Data Warehousing and Data Science

7 May 2016

U-SQL

Filed under: Analysis Services — Vincent Rainardi @ 7:26 pm

U-SQL is a new language used in Azure Data Lake. It is a mix between T-SQL and C#. It is used to load files into Data Lake.

To use U-SQL, we need to add a New Data Lake Store in our Azure Portal, click Sign Up for Preview (we need to use IE; in Chrome we can’t click Sign Up). We will get an email when it is approved (can be a few hours, can be a few weeks).

Here is an example for calculating the duration for each currency in the portfolio:

@rawData = EXTRACT SecurityName string?, Weight decimal?, ModifiedDuration decimal, MaturityDate DateTime, Currency string
FROM “/FixedIncome/EMD.csv” USING Extractors.Csv(silent: true);

@aggData = SELECT Currency, SUM(Weight * ModifiedDuration) as Duration FROM @rawData GROUP BY Currency;

OUTPUT @aggData TO “/Report/Duration.csv” ORDER BY Currency USING Outputters.Csv();

The above U-SQL code imports a comma delimited file called Portfolio.csv, calculates the duration for each currency and create a file called Duration.csv. I’ll explain the 3 lines above (EXTRACT, SELECT, OUTPUT) one by one below.

EXTRACT

Case sensitive: U-SQL is case sensitive and strong-typed. It is case sensitive because it is using C# syntax. So “EXTRACT” must be in upper case, “string” must be in lower case and “DateTime” must be in mixed case.

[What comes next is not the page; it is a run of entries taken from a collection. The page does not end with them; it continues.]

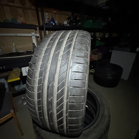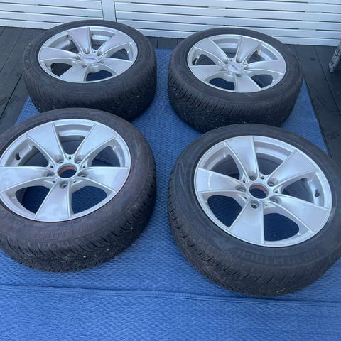 2 Continental piggfrie vinterdekk, 225/45-R17, (94-T-XL). 7 mm mønster. Prisen er for begge to. Billigste nypris pr dekk er 2980, ifølge prisjakt.no.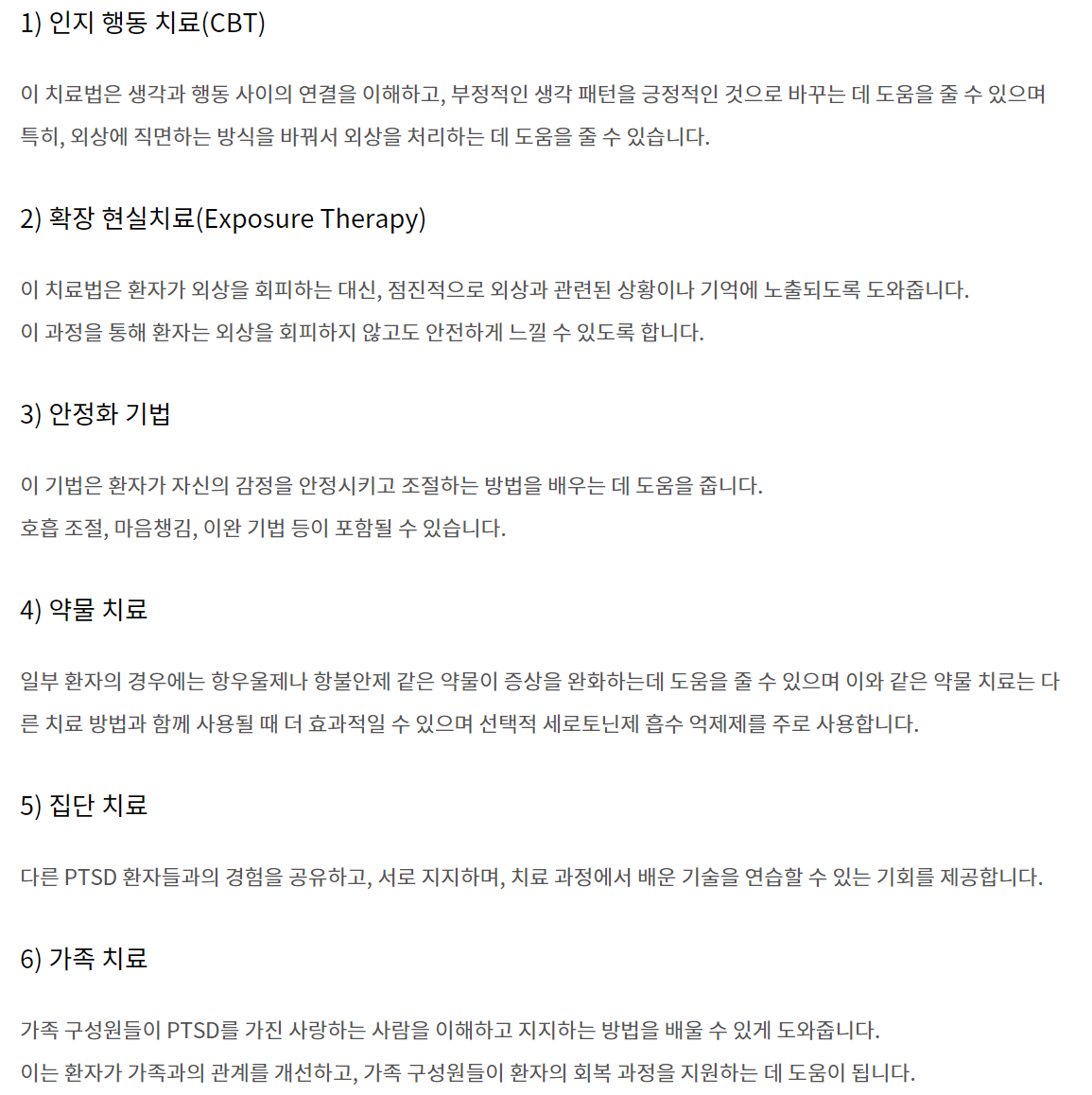 PTSD 치료는 회복에 필수적이며 삶의 질을 크게 향상시킬 수 있습니다. 주요 치료법은 다음과 같습니다: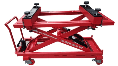 Product Description: Inbuilt Hydraulic Cylinders & Manual Foot Pump on Heavy Caster Wheels..... View more details

EXTRACT is used to import a file into a row set. It can be used to import both a structured file (all rows have the same number of columns) or unstructured files (rows have different number of columns). Documentation: here.

The data type is C# data type, not T-SQL. Full list of C# built-in data types is here. DateTime is a structure, not a data type. It has Date, Time, Year, Month, Day, Hour, Minute, Second, Today, Now, TimeOfDay and DayOfWeek properties. See here for documentation.

The ? at the end of “string?” and “decimal?” means NOT NULL.

One thing we need to remember is that in U-SQL it is “schema on read”. Which means that we define the data types of the file we import as we import them.

When importing a file we need to use an extractor. It is a data interface program which reads byte stream in parallel into a row set. U-SQL has 3 built-in Extractors: one reads text files (Extractors.Text), one reads tab delimited files (Extractors.Tsv) and one reads Comma Separated Values files (Extractors.Csv). The last two are derived from the first one. By default U-SQL split the imported file into several pieces and import the pieces in parallel. U-SQL imports unstructured files using user-defined extractor. See here for documentation on extractors.

Silent is a parameter. It means if the row in the CSV file doesn’t have 5 columns, ignore the row (we expect the CSV file to contains 5 columns: SecurityName, Weight, ModifiedDuration, MaturityDate, and Currency). There are other parameters such as: (documentation here)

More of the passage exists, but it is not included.